_REQUIREMENT_: What you return must match, exactly, the lines running from the one containing "こころ萩原では、自席で座りな" to the end of the data, both included, and must contain no pictures.

_EXERCISE INPUT_:

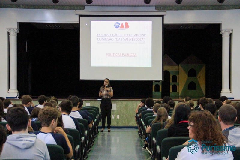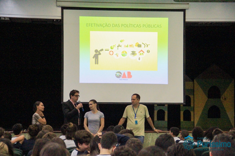 Para este momento, contamos com a presenças das Doutoras Maísa Cristina Nunes, Luciana Imperatore Vianna, Fernanda Hebling e todas da Comissão da OAB vai à escola, além do Doutor Marcos Vasques, presidente da respectiva comissão.
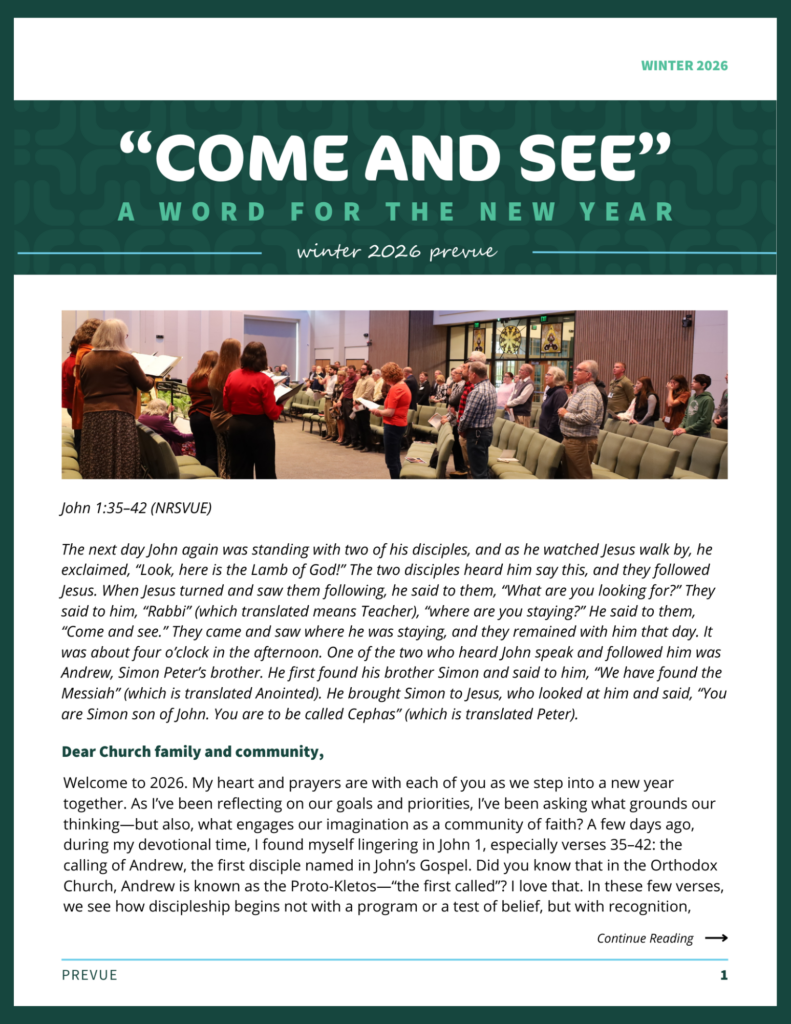 In this edition of the Prevue, Pastor Duane Carlisle invites us into 2026 with a “come and see” reflection that sets the tone for a year of welcome and deeper connection. Inside, you’ll find an announcement about our new grant-funded website, an introduction to Family Ministry Team Member Milly Coolman, and a heartfelt story that reminds us why community matters. We also look back with gratitude on We’re Out 2025, Breakfast with Santa, and Lafayette Urban Ministry’s Jubilee Christmas as we continue living out First Church’s mission to love, include, and serve.
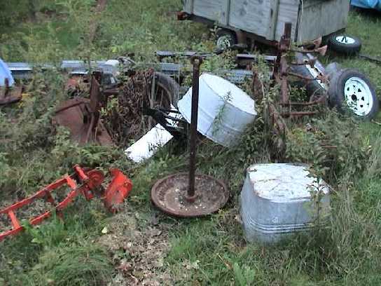 This shows an old boat moring, a tiller[works, just needs a belt], some steel from some old shelfs, and a few old garden tractor attachments. Also many more stuff..
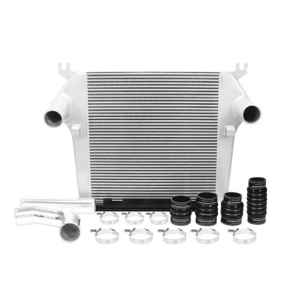 our engineers have maximized airflow by eliminating restrictive bends, allowing for a smooth and unimpeded airflow. The piping is constructed of mandrel bent 3.5in aluminum polished to a mirror finish. This kit includes Mishimoto silicone boots with DuraCore technology and constant-tension T-bolt clamps for accurate and consistent holding force. Mishimoto DuraCore technology is the synthetic material that comprises the innermost layer of all Mishimoto silicone diesel boots. Compared to normal silicone, DuraCore provides superior resistance to heat, pressure, fuel, and oil. This effectively increases the life of our boots by preventing leaks and blowouts. This package is rounded out with the Mishimoto intercooler featuring extremely durable cast aluminum end tanks and a bar-and-plate core, all designed to provide cool, dense air to your engine. Our intercooler features an increase in core volume and reduces pressure drop, which results in an overall increase in engine efficiency. All the components in this kit are engineered to last, just like your truck. Offered with either a black or silver core, the Mishimoto 6.7L Cummins intercooler kit is protected by our signature lifetime warranty.
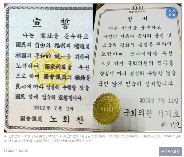 "19대 국회 개원 날, 거의 대부분 당선자들이 금빛 찬란하게 펼쳐나갈 4년을 머릿속에 그리며 국회의원 선거를 하고 있는 동안, 재선의 통합진보당 노회찬 의원은 선서문이 한자어로 점철된 것에 심각한 문제 의식을 갖습니다."
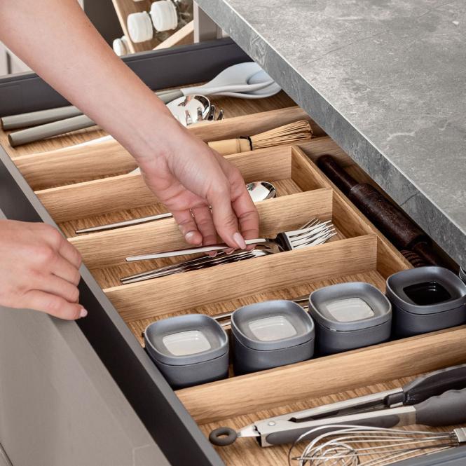 Die nBOX besticht durch ihre filigranen Linien, eine markante, kubische Formensprache und die schlanke Schubkastenzarge von nur 10,7 mm, die dem innovativen Schubkasten seinen puristischen Charakter verleiht. Das edle Schiefergrau, das optional auch im Innenkorpus zur Geltung kommt, unterstreicht die zeitlose Eleganz. Ideal für eine durchgängige Gestaltung von Küche, Bad und Wohnraum.
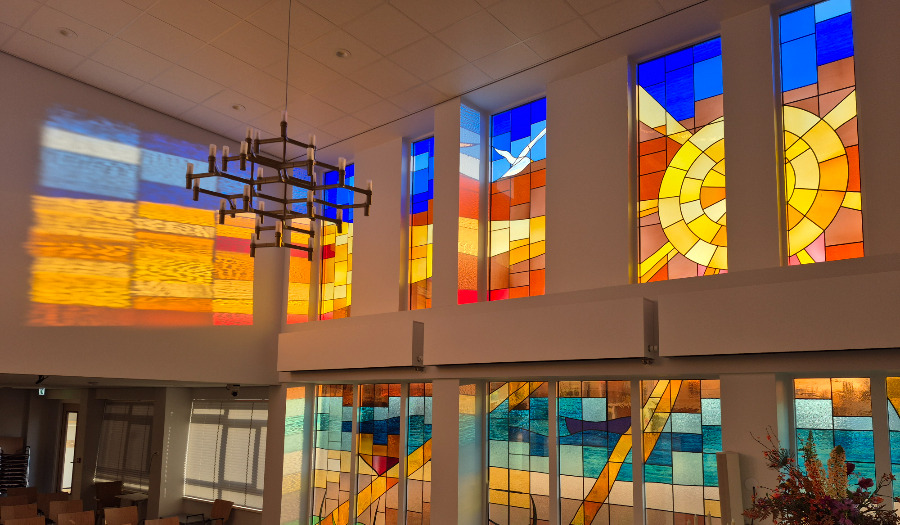 Het verpleeghuis Topaz Overduin in Katwijk aan Zee heeft glas-in-loodramen met het thema geloof, hoop en liefde. Deze drie waarden zijn terug te vinden in de vorm van het kruis, anker en hart. Het kleurrijke geheel heeft een Katwijkse sfeer: duinen, strand, een meeuw (of duif) in de lucht. De beelden hebben ook een universele betekenis. Water, lucht, aarde en vuur zijn al heel lang de vier bouwstenen van alles wat bestaat.
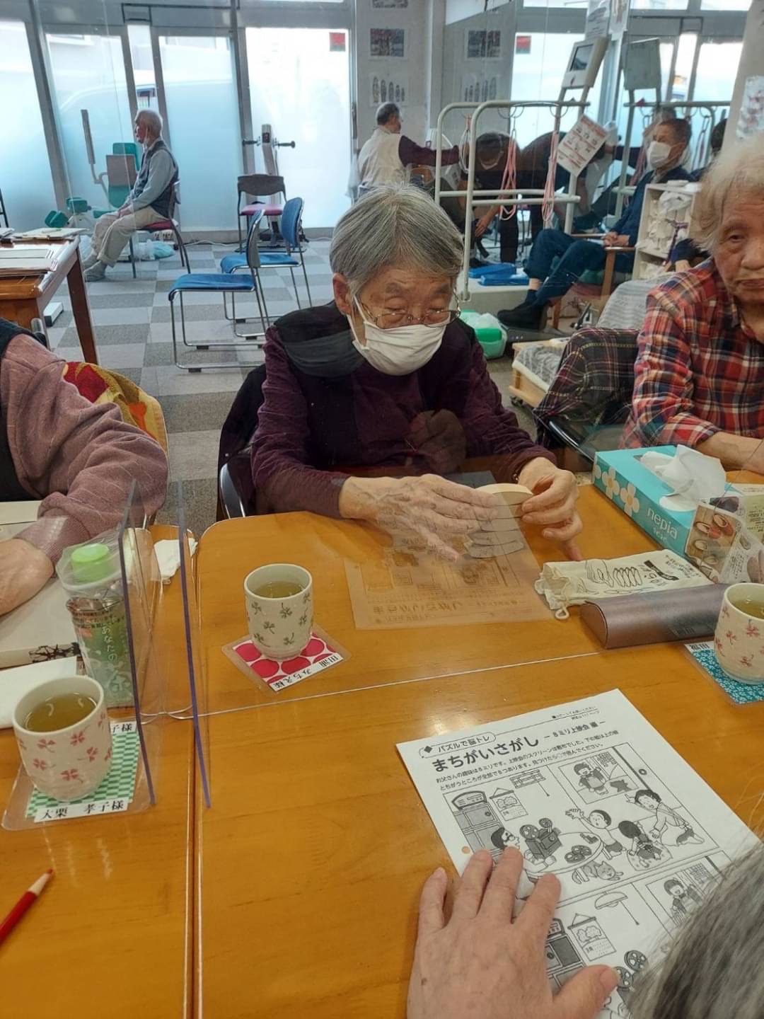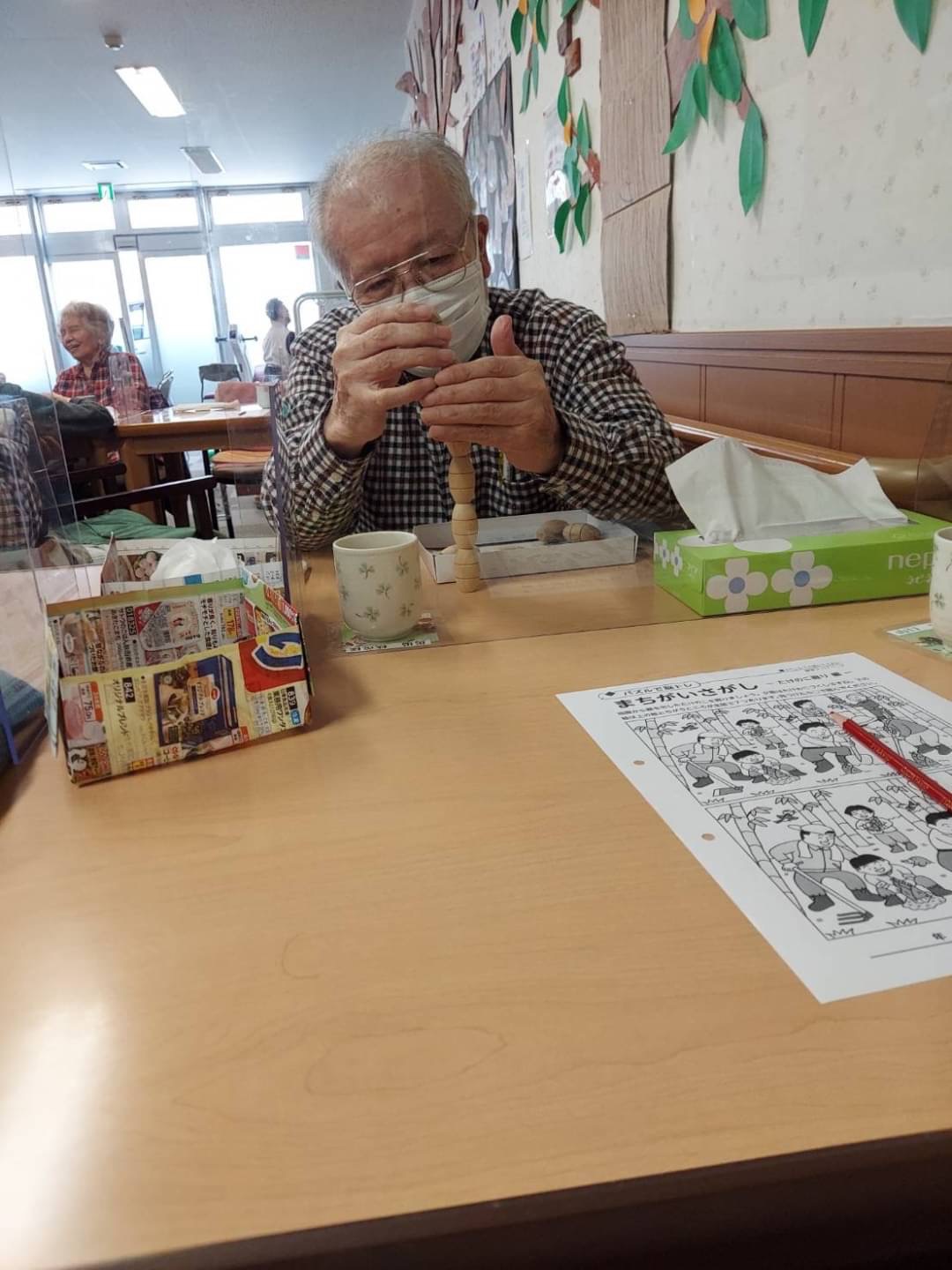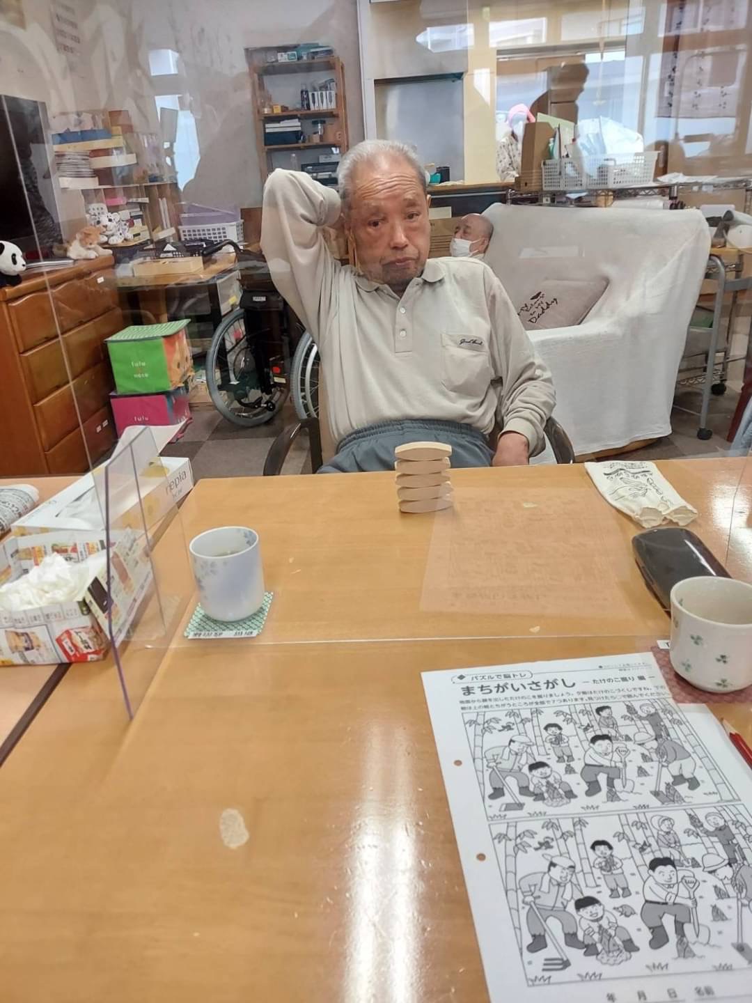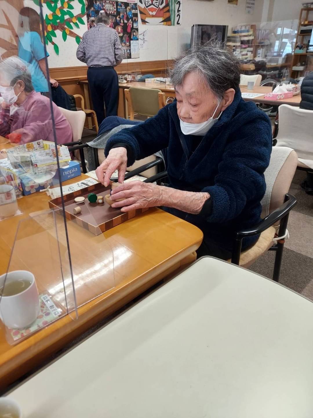 こころ萩原では、自席で座りながらでも、遊び感覚で楽しんでいただけるリハビリを行なっています
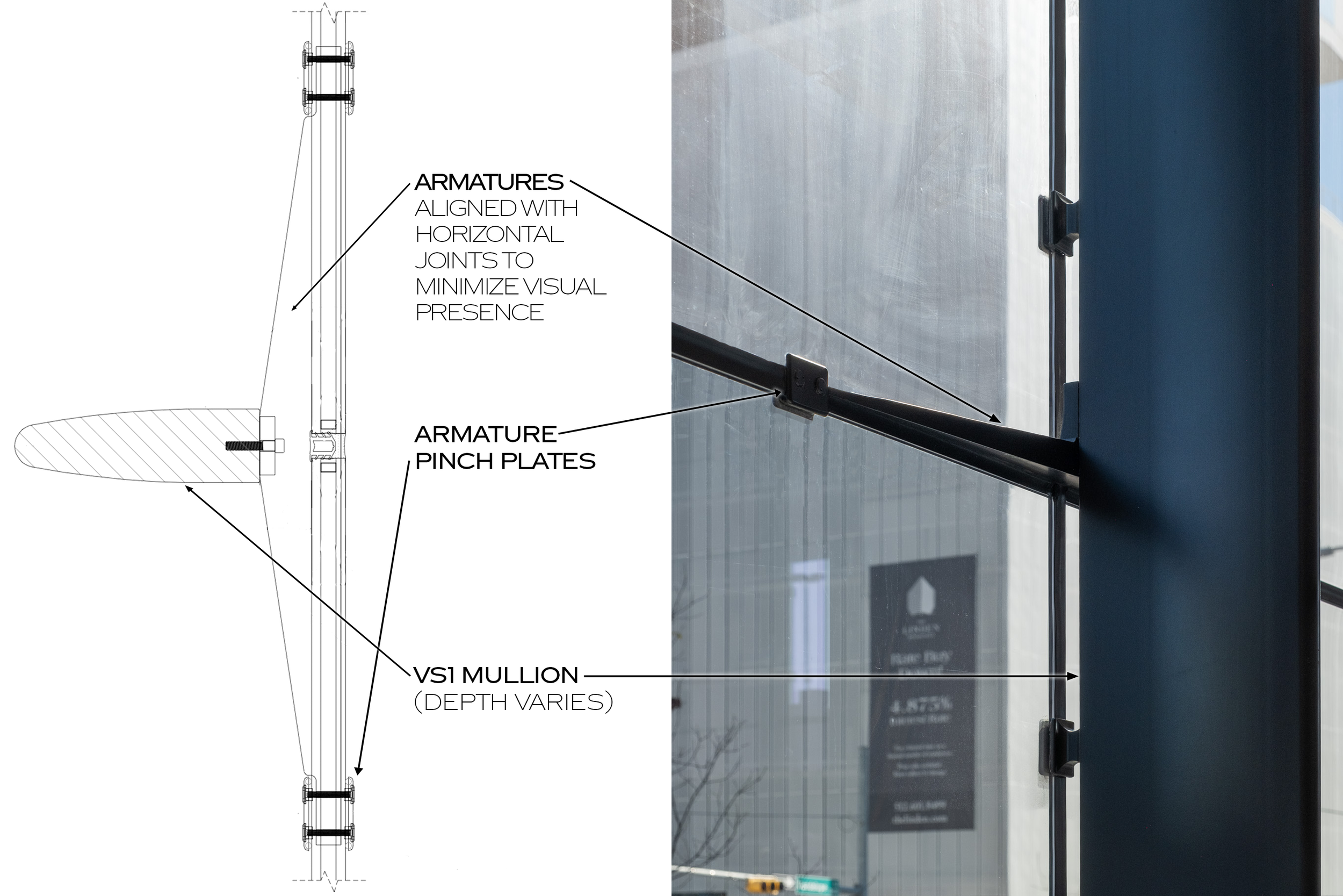 Excessive glass stresses and deflections can be eased by adding armatures to the corner mullions at the horizontal joints.

_EXERCISE RESPONSE_:
 こころ萩原では、自席で座りながらでも、遊び感覚で楽しんでいただけるリハビリを行なっています
 Excessive glass stresses and deflections can be eased by adding armatures to the corner mullions at the horizontal joints.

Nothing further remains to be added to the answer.